#### Records for this exercise

════════════════════

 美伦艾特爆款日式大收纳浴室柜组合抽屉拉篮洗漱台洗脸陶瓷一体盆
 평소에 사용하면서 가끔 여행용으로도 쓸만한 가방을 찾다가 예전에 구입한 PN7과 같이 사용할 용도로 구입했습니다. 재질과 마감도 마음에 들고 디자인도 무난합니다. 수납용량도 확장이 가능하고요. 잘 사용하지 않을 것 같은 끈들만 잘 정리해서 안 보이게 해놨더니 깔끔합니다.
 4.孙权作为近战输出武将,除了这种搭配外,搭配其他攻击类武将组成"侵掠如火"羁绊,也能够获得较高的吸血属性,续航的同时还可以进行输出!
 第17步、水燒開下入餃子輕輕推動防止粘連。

════════════════════

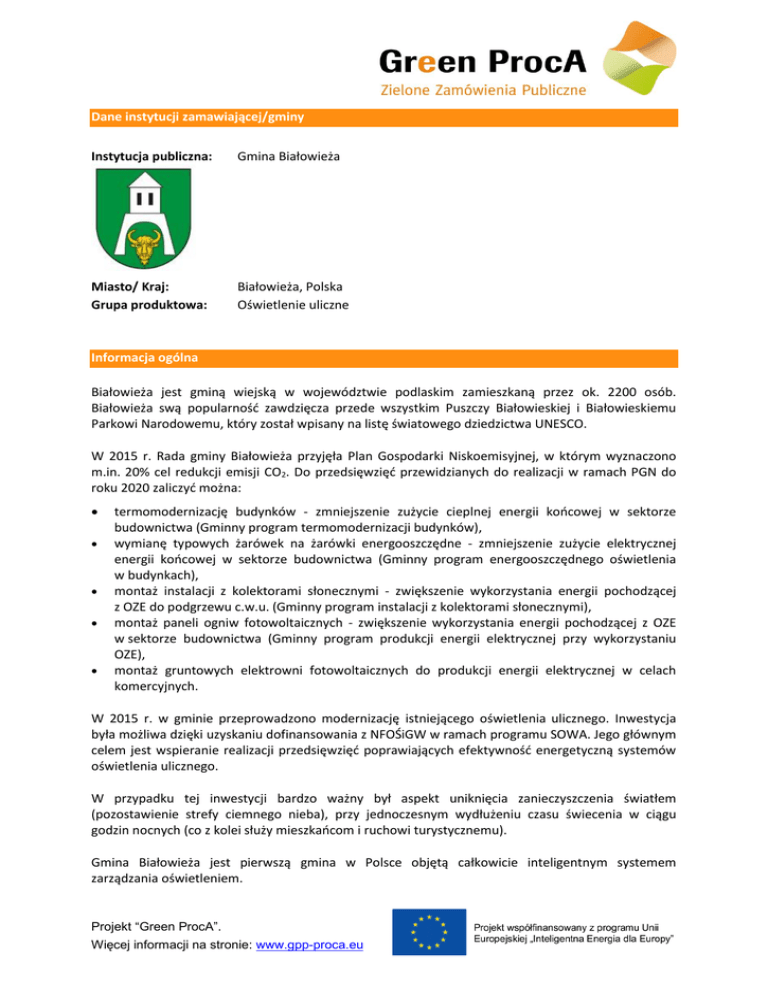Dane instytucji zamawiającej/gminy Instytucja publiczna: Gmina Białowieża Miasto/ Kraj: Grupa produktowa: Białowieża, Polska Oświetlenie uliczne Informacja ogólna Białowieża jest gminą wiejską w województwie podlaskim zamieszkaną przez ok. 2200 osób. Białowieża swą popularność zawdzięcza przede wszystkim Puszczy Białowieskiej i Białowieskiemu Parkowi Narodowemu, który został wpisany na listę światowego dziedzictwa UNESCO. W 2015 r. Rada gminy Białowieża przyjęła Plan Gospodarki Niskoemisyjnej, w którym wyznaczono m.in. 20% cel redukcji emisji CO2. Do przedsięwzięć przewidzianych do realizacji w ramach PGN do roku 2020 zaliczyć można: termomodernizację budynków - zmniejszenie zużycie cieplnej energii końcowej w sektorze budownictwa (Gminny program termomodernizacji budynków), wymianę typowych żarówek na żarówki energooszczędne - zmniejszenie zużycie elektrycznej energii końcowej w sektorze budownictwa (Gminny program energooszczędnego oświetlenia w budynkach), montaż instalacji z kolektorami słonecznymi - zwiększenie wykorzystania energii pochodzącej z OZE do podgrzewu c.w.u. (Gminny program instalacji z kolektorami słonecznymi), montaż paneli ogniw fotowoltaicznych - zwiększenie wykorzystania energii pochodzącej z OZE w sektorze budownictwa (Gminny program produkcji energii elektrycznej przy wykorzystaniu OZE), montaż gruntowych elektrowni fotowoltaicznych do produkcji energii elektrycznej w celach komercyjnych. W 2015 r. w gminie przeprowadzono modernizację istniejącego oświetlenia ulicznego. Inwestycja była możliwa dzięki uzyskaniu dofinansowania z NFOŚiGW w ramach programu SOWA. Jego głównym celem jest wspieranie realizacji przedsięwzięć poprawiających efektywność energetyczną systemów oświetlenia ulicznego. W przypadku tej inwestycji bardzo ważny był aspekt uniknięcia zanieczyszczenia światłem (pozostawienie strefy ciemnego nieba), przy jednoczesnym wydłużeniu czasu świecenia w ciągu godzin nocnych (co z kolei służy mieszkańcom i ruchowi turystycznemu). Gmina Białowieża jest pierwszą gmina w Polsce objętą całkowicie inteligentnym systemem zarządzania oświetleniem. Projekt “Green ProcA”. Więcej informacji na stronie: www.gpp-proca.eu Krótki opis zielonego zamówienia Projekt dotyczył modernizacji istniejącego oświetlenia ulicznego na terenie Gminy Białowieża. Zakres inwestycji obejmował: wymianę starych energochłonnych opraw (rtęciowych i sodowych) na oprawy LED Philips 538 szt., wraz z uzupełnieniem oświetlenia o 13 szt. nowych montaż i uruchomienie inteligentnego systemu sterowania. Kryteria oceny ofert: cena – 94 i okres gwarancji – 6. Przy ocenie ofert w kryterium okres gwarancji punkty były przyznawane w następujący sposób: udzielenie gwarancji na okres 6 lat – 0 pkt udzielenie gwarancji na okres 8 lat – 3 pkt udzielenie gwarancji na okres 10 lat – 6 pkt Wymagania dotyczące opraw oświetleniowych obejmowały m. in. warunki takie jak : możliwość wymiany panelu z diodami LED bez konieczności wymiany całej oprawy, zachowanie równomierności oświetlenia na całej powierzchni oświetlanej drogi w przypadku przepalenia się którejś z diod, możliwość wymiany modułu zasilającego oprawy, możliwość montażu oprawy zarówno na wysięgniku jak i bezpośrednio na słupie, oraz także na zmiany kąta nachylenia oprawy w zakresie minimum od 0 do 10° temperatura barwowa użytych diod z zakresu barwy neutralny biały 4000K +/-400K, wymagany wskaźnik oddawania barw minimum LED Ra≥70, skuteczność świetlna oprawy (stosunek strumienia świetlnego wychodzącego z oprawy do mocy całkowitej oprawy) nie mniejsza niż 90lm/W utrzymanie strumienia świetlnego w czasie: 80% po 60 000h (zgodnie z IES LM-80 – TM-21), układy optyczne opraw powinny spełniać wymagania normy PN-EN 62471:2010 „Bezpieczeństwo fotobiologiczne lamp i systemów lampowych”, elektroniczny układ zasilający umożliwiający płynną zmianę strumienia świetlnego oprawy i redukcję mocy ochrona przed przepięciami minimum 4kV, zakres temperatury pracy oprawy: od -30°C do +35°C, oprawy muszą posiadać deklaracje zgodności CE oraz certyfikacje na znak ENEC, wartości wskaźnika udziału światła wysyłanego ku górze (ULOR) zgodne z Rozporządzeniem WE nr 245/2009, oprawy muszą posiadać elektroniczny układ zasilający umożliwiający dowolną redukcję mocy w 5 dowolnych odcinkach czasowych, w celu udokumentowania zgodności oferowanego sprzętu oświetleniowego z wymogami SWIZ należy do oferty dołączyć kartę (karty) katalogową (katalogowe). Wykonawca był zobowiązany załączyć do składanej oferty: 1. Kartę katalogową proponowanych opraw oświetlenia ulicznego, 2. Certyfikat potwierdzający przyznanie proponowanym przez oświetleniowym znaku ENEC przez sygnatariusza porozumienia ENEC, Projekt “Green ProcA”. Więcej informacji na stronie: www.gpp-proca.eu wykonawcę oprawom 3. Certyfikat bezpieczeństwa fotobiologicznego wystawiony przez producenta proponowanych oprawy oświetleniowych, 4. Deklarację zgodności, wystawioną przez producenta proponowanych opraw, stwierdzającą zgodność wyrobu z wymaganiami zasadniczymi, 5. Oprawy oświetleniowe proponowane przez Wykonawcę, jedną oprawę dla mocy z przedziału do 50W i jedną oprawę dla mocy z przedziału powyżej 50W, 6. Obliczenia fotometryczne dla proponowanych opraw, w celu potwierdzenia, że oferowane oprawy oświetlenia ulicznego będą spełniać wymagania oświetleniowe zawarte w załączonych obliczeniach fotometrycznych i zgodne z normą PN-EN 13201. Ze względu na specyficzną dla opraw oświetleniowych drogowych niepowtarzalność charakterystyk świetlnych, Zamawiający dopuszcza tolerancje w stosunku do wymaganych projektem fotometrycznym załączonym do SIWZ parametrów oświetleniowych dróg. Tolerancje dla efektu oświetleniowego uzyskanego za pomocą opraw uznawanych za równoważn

════════════════════

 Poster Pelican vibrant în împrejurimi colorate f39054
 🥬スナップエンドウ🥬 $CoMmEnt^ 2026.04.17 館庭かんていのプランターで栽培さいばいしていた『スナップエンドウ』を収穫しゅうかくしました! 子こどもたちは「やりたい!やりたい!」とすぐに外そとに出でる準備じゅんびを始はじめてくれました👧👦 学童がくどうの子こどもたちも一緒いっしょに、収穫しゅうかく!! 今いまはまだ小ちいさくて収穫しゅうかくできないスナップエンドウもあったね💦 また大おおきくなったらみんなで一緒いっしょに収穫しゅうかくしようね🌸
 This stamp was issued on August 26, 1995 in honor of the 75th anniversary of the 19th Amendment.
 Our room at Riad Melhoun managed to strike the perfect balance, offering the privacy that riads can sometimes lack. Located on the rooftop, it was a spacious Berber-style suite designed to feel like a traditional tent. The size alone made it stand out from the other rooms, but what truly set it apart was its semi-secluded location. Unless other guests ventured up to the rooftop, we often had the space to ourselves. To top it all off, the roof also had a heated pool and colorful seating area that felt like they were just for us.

════════════════════

#### How to complete this task
Everything above from the line with "Poster Pelican vibrant" to the line with "This stamp was", both included, must be repeated exactly, and nothing outside that range.

#### Response area
 Poster Pelican vibrant în împrejurimi colorate f39054
 🥬スナップエンドウ🥬 $CoMmEnt^ 2026.04.17 館庭かんていのプランターで栽培さいばいしていた『スナップエンドウ』を収穫しゅうかくしました! 子こどもたちは「やりたい!やりたい!」とすぐに外そとに出でる準備じゅんびを始はじめてくれました👧👦 学童がくどうの子こどもたちも一緒いっしょに、収穫しゅうかく!! 今いまはまだ小ちいさくて収穫しゅうかくできないスナップエンドウもあったね💦 また大おおきくなったらみんなで一緒いっしょに収穫しゅうかくしようね🌸
 This stamp was issued on August 26, 1995 in honor of the 75th anniversary of the 19th Amendment.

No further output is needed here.